___ Source material ___

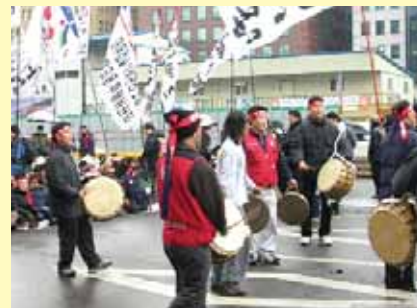
Протест против закона о нерегулярной рабочей силе

МФМ обратилась к президенту Южной Кореи Ро Му Хену с призывом немедленно освободить Джеона и призвала свои членские организации направить подобные письма протеста в адрес южно-корейского президента. АГ
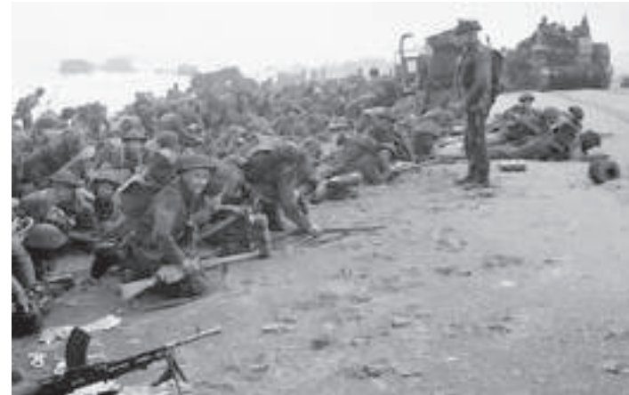
Sword Beach, 1944

Les Britanniques débarquent, avec environ 180 français qui s'étaient enfuis lors de la défaite de la France en 1940, à 7h25. Les Alliés ont progressé assez facilement puisqu'il y a eu peu de victimes ( 700 sur un total 30 000 hommes débarqués). De plus, le jour suivant, ils rejoignent les forces canadiennes de Juno.
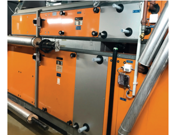
Kühlersersatz durch höhere Kaltwassertemperaturen an einem Hemair-Gerät.
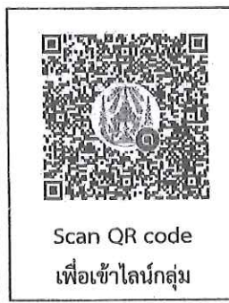
Scan QR code เพื่อเข้าไลน์กลุ่ม
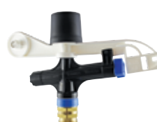
Arroseurs à Impact

Débits : 425 - 8177 l/hr (1,87 - 36,0 gpm) Pressions : 2,07 - 4,14 bar (30 - 60 psi)
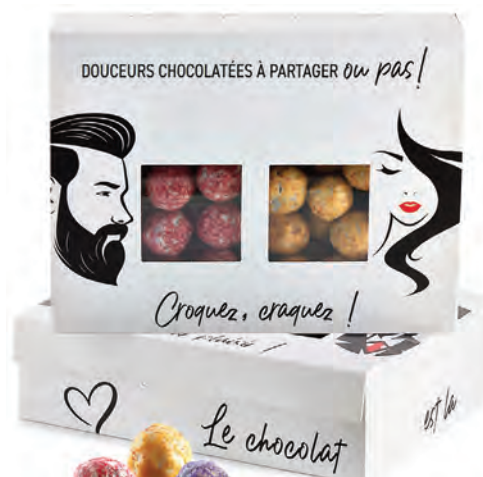
BOITES CHOCO GRANITÉS assortis 160 g - (par 18) céréales saveur framboise - ananas 3 motifs en assortis par carton 918 297
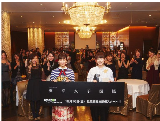
代官山のレストランで開催した完成披露試写パーティの様子

※東京女子図鑑 (Amazon プライム・ビデオ)： https://www.amazon.co.jp/b/?node=3535604051
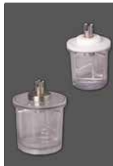
200 ml und 75 ml

Wassermann ist ein inhabergeführtes, mittelständisches Unternehmen mit Firmensitz in Hamburg. Wir konstruieren und produzieren hochwertige technische Geräte in Deutschland. Hauptanwender sind weltweit zahntechnische Labore, Zahnarztpraxen und unterschiedliche Industriebereiche.
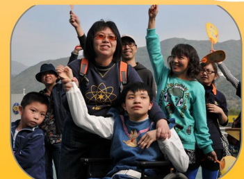
齊齊參與「同心同行活力操」表演！
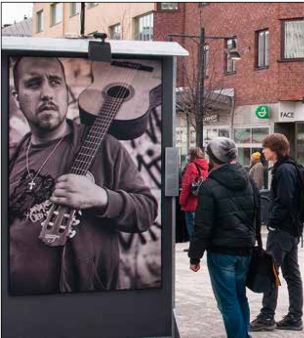
Utställningen Romska röster.
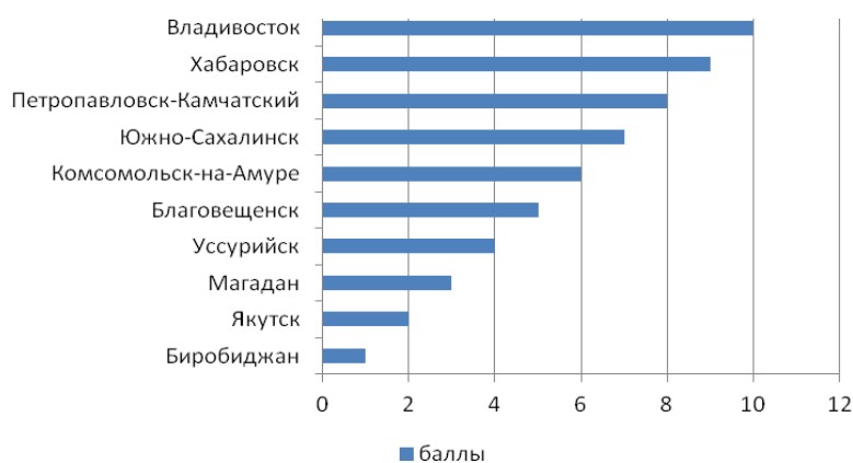
Рис. 2. Топ-10 популярных у туристов городов Дальнего Востока в 2018 г. (составлено по данным Турстата)

Исходя из представленных данных Приморский край является ключевой точкой межрегиональных туров ДФО. 29 из 30 проанализированных маршрутов (96%) проходят через территорию Приморского края, что позиционирует его, прежде всего, как транзитную территорию. Следующим по популярности посещения является Камчатский край, на одну позицию от него отстает Хабаровский край. Через регионы проходит 14 и 13 маршрутов: 47% (Камчатский край) и 43% (Хабаровский край). Ниже по значению показателей представлена Сахалинская область, на ее территории проходят 8 маршрутов, или 27%. Через Республику Саха (Якутия) проходит 7 маршрутов (23%). Наименьшее число маршрутов в Магаданской области, её рейтинг составляет около 10% (3 маршрута).
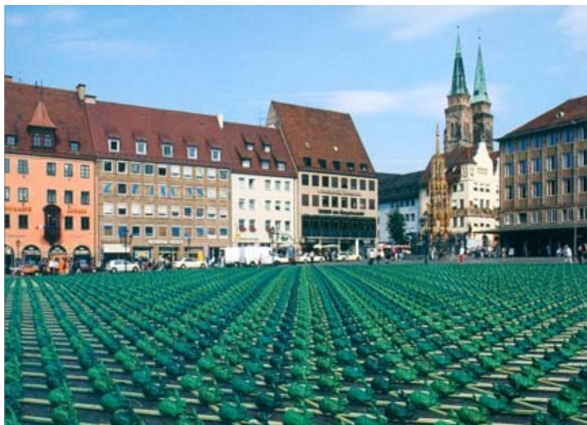
Fig. 1a : Ottmar Hörl, Das große Hasenstück , 2003. Carte postale issue d'une série disponible au stand d'information installé à côté de la « grande sculpture » Das große Hasenstück sur la place principale de Nuremberg du 2 au 17 août 2003. 10,4 x 14,8 cm. 2000 ex., à 0,50 euro. Projektbüro, Nürnberg. Vue de l'installation temporaire des 7000 lièvres en plastique verts. 50 x 50 m. © Avec l'aimable autorisation d'Ottmar Hörl. Photo: archive Ottmar Hörl ; Maisenbacher Art Gallery, Trier.
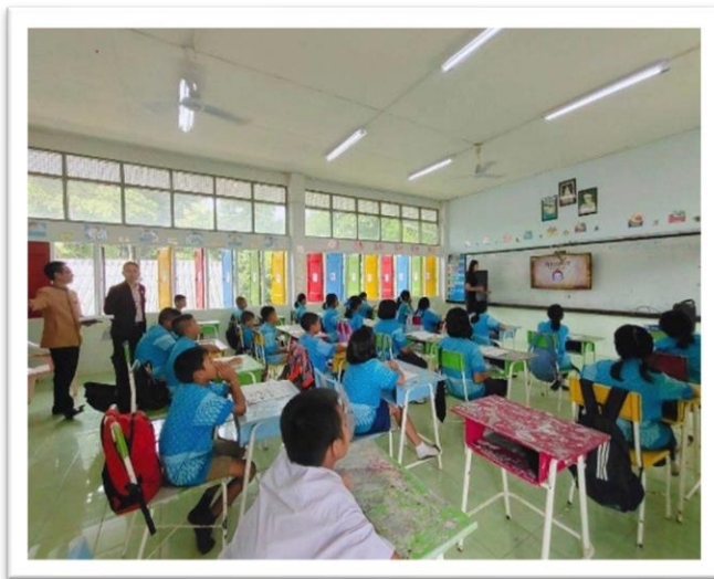
กิจกรรมการอ่านการเขียนระดับชั้น ป.๔-๖
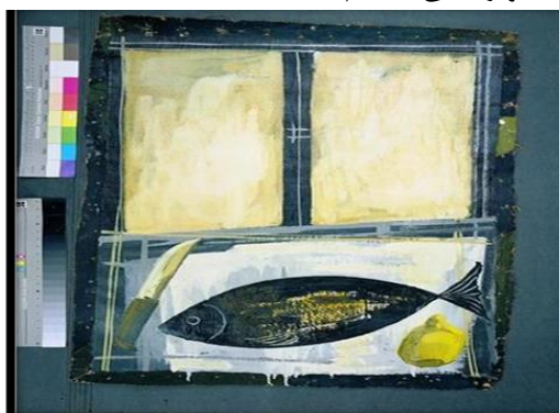
شکل ۳. تابلوی ماهی، اثر بهمن محمص، مأخذ: ( https://asarartmagazine.ir )

در غالب کشورهایایی که بنادر کشتی رانی و صنعت ماهیگیری دارند، ماهی نشانه ای از رستگاری، زندگی، زایش، گردش و قوس زمین است. در تابلوی زیر شاهد تصویر ماهی هستیم:
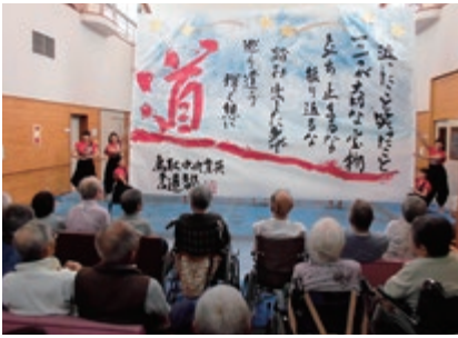
迫力の書道パフォーマンス!!

9月12日(月)から敬老週間が始まり、お茶会やカフェ、敬老パチンコにババール園園児との交流、鳥取中央育英高等学校書道部による書道パフォーマンスなど様々な催しが行われ、楽しそうに過ごされていました。17・18日にはデイケア・老健・グループホームでそれぞれ式典・家族交流会を行い、ご長寿の方へのお祝い品の贈呈等を行い、皆でお祝いをしました。
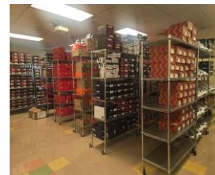
Closet para Tenis MVP
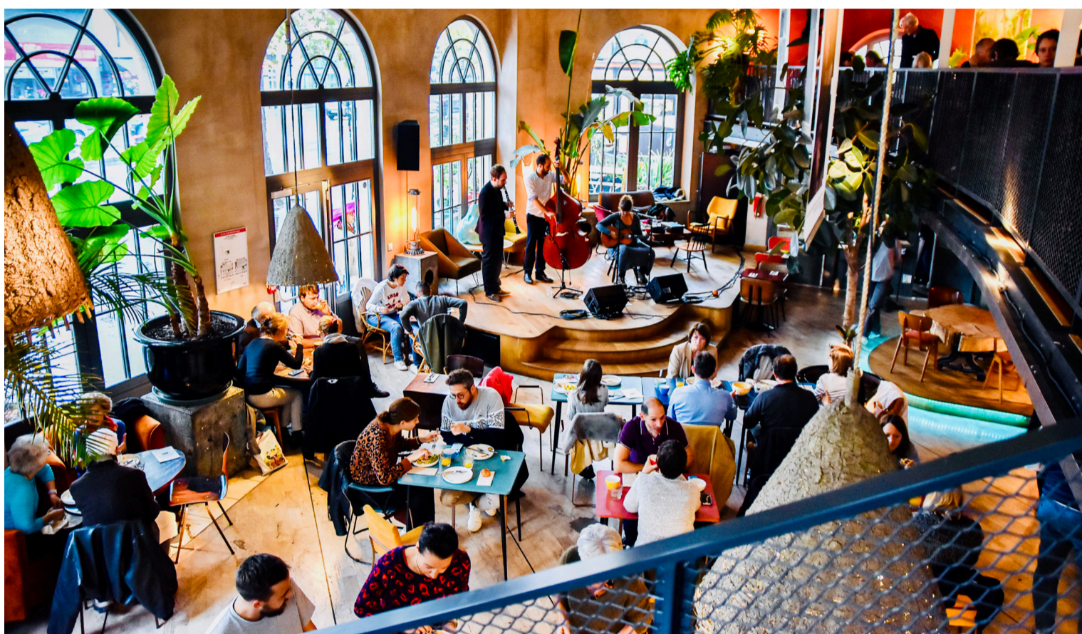
Ancien hall de gare, nouveau lieu pour les gourmands

Explorateurs, gourmands, curieux, embarquement immédiat Porte d'Orléans!
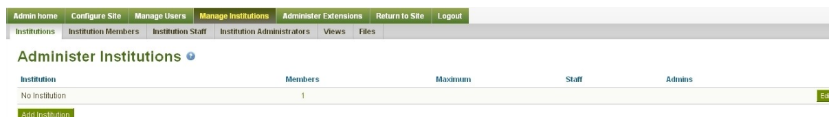
Slika 4. Popis institucija
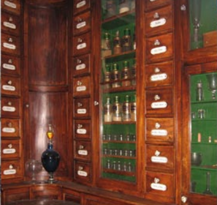
Pharmacie de l'ancien hôpital
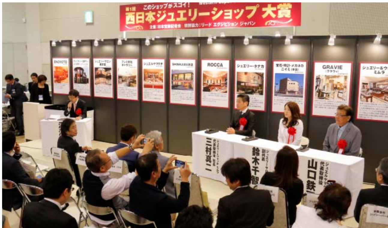
前回(2017年)西日本ジュエリーショップ大賞 パネルディスカッションの様子

日本宝飾記者会が主催の、市場活性化に長けた西日本の小売店を表彰する『第2回 西日本ジュエリーショップ大賞』の表彰式を、昨年に引き続き、IJK 展示会場で、会期 2 日目 17 日(木)の 15 時から行うこととなった。
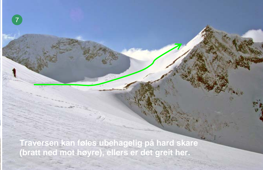
Traversen kan føles ubehagelig på hard skare (bratt ned mot høyre), ellers er det greit her.

Fra Månvatnet går vi som vist på bilde 6. Vel oppe på kanten kommer traversen vist på bilde 7. Kryss skråningen og ta så inn i dalen mellom Storbua (til venstre) og Kvassetind (til høyre). Merk at det kan gå ras fra Storbua, derfor holder vi oss til høyre (inn mot Kvassetind).
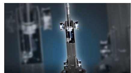
Løftestol med ruller
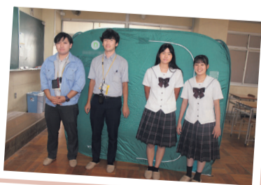
ワンタッチ式パーティション

たくさんの備蓄品を見て、少し安心しました。しかし、災害時には多くの人々が避難してくると思うので、自分で備えることが一番大切だと思いました。
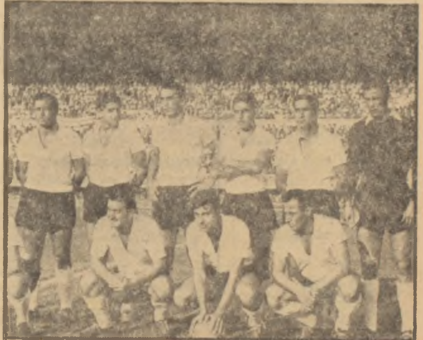
Beşiktaş Futbol Takımı
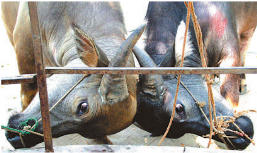
▲鬥牛是「牛墟風情節」重要內容

【本報訊】記者黃仰鵬東莞報道：東莞橫瀝鎮將於本月六日至八日舉辦首屆「百年牛墟風情節」，國際鬥牛舞大賽、牛彩繪等十個「牛文化」主題特色活動輪番上演，向外界展示百年牛墟古鎮從農耕文明到工業文明再到現代文明的歷史變遷進程。
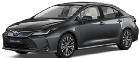
1G3 Szürke metál 200 000 Ft
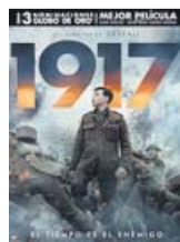
2019. Director Sam Mendes Reperto George MacKay, Dean-Charles Chapman, Colin Firth

No se puede hablar de 1917 sin mencionar también su condición de alarde técnico. Un alarde que se cobra su precio en forma de inconsistencias de guion y de alerta constante, con el ojo siempre en
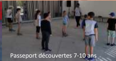
Passeport découvertes 7-10 ans

Jusqu'à l'événement final du 11 juin, des ateliers Bal Funk de danse et un atelier de confection de décors ont été organisés à la Maison. Avec des interventions aux Moussaillons et Jeunesse, au Passeport découvertes, en ateliers libres, autant d'occasions de rencontres entre les générations.
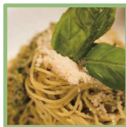
「緑」の気分のお料理
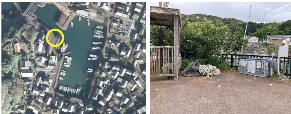
④ 手結港西ゴミステーション
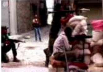
4- أثناء أداء فريضة الصلاة
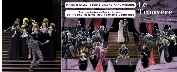
Soirée Ciné-Opéra à Mirande : Une expérience sensorielle entre musique et gourmandise avec Le Trouvère de Verdi

Verdi au Ciné de Mirande: Ciné opéra et entracte gourmande

___

### Directions for this task
Return a verbatim transcription of the data, omitting all images.

### Finished exercise
Протест против закона о нерегулярной рабочей силе

МФМ обратилась к президенту Южной Кореи Ро Му Хену с призывом немедленно освободить Джеона и призвала свои членские организации направить подобные письма протеста в адрес южно-корейского президента. АГ
Sword Beach, 1944

Les Britanniques débarquent, avec environ 180 français qui s'étaient enfuis lors de la défaite de la France en 1940, à 7h25. Les Alliés ont progressé assez facilement puisqu'il y a eu peu de victimes ( 700 sur un total 30 000 hommes débarqués). De plus, le jour suivant, ils rejoignent les forces canadiennes de Juno.
Kühlersersatz durch höhere Kaltwassertemperaturen an einem Hemair-Gerät.
Scan QR code เพื่อเข้าไลน์กลุ่ม
Arroseurs à Impact

Débits : 425 - 8177 l/hr (1,87 - 36,0 gpm) Pressions : 2,07 - 4,14 bar (30 - 60 psi)
BOITES CHOCO GRANITÉS assortis 160 g - (par 18) céréales saveur framboise - ananas 3 motifs en assortis par carton 918 297
代官山のレストランで開催した完成披露試写パーティの様子

※東京女子図鑑 (Amazon プライム・ビデオ)： https://www.amazon.co.jp/b/?node=3535604051
200 ml und 75 ml

Wassermann ist ein inhabergeführtes, mittelständisches Unternehmen mit Firmensitz in Hamburg. Wir konstruieren und produzieren hochwertige technische Geräte in Deutschland. Hauptanwender sind weltweit zahntechnische Labore, Zahnarztpraxen und unterschiedliche Industriebereiche.
齊齊參與「同心同行活力操」表演！
Utställningen Romska röster.
Рис. 2. Топ-10 популярных у туристов городов Дальнего Востока в 2018 г. (составлено по данным Турстата)

Исходя из представленных данных Приморский край является ключевой точкой межрегиональных туров ДФО. 29 из 30 проанализированных маршрутов (96%) проходят через территорию Приморского края, что позиционирует его, прежде всего, как транзитную территорию. Следующим по популярности посещения является Камчатский край, на одну позицию от него отстает Хабаровский край. Через регионы проходит 14 и 13 маршрутов: 47% (Камчатский край) и 43% (Хабаровский край). Ниже по значению показателей представлена Сахалинская область, на ее территории проходят 8 маршрутов, или 27%. Через Республику Саха (Якутия) проходит 7 маршрутов (23%). Наименьшее число маршрутов в Магаданской области, её рейтинг составляет около 10% (3 маршрута).
Fig. 1a : Ottmar Hörl, Das große Hasenstück , 2003. Carte postale issue d'une série disponible au stand d'information installé à côté de la « grande sculpture » Das große Hasenstück sur la place principale de Nuremberg du 2 au 17 août 2003. 10,4 x 14,8 cm. 2000 ex., à 0,50 euro. Projektbüro, Nürnberg. Vue de l'installation temporaire des 7000 lièvres en plastique verts. 50 x 50 m. © Avec l'aimable autorisation d'Ottmar Hörl. Photo: archive Ottmar Hörl ; Maisenbacher Art Gallery, Trier.
กิจกรรมการอ่านการเขียนระดับชั้น ป.๔-๖
شکل ۳. تابلوی ماهی، اثر بهمن محمص، مأخذ: ( https://asarartmagazine.ir )

در غالب کشورهایایی که بنادر کشتی رانی و صنعت ماهیگیری دارند، ماهی نشانه ای از رستگاری، زندگی، زایش، گردش و قوس زمین است. در تابلوی زیر شاهد تصویر ماهی هستیم:
迫力の書道パフォーマンス!!

9月12日(月)から敬老週間が始まり、お茶会やカフェ、敬老パチンコにババール園園児との交流、鳥取中央育英高等学校書道部による書道パフォーマンスなど様々な催しが行われ、楽しそうに過ごされていました。17・18日にはデイケア・老健・グループホームでそれぞれ式典・家族交流会を行い、ご長寿の方へのお祝い品の贈呈等を行い、皆でお祝いをしました。
Closet para Tenis MVP
Ancien hall de gare, nouveau lieu pour les gourmands

Explorateurs, gourmands, curieux, embarquement immédiat Porte d'Orléans!
Slika 4. Popis institucija
Pharmacie de l'ancien hôpital
前回(2017年)西日本ジュエリーショップ大賞 パネルディスカッションの様子

日本宝飾記者会が主催の、市場活性化に長けた西日本の小売店を表彰する『第2回 西日本ジュエリーショップ大賞』の表彰式を、昨年に引き続き、IJK 展示会場で、会期 2 日目 17 日(木)の 15 時から行うこととなった。
Traversen kan føles ubehagelig på hard skare (bratt ned mot høyre), ellers er det greit her.

Fra Månvatnet går vi som vist på bilde 6. Vel oppe på kanten kommer traversen vist på bilde 7. Kryss skråningen og ta så inn i dalen mellom Storbua (til venstre) og Kvassetind (til høyre). Merk at det kan gå ras fra Storbua, derfor holder vi oss til høyre (inn mot Kvassetind).
Løftestol med ruller
ワンタッチ式パーティション

たくさんの備蓄品を見て、少し安心しました。しかし、災害時には多くの人々が避難してくると思うので、自分で備えることが一番大切だと思いました。
Beşiktaş Futbol Takımı
▲鬥牛是「牛墟風情節」重要內容

【本報訊】記者黃仰鵬東莞報道：東莞橫瀝鎮將於本月六日至八日舉辦首屆「百年牛墟風情節」，國際鬥牛舞大賽、牛彩繪等十個「牛文化」主題特色活動輪番上演，向外界展示百年牛墟古鎮從農耕文明到工業文明再到現代文明的歷史變遷進程。
1G3 Szürke metál 200 000 Ft
2019. Director Sam Mendes Reperto George MacKay, Dean-Charles Chapman, Colin Firth

No se puede hablar de 1917 sin mencionar también su condición de alarde técnico. Un alarde que se cobra su precio en forma de inconsistencias de guion y de alerta constante, con el ojo siempre en
Passeport découvertes 7-10 ans

Jusqu'à l'événement final du 11 juin, des ateliers Bal Funk de danse et un atelier de confection de décors ont été organisés à la Maison. Avec des interventions aux Moussaillons et Jeunesse, au Passeport découvertes, en ateliers libres, autant d'occasions de rencontres entre les générations.
「緑」の気分のお料理
④ 手結港西ゴミステーション
4- أثناء أداء فريضة الصلاة
Soirée Ciné-Opéra à Mirande : Une expérience sensorielle entre musique et gourmandise avec Le Trouvère de Verdi

Verdi au Ciné de Mirande: Ciné opéra et entracte gourmande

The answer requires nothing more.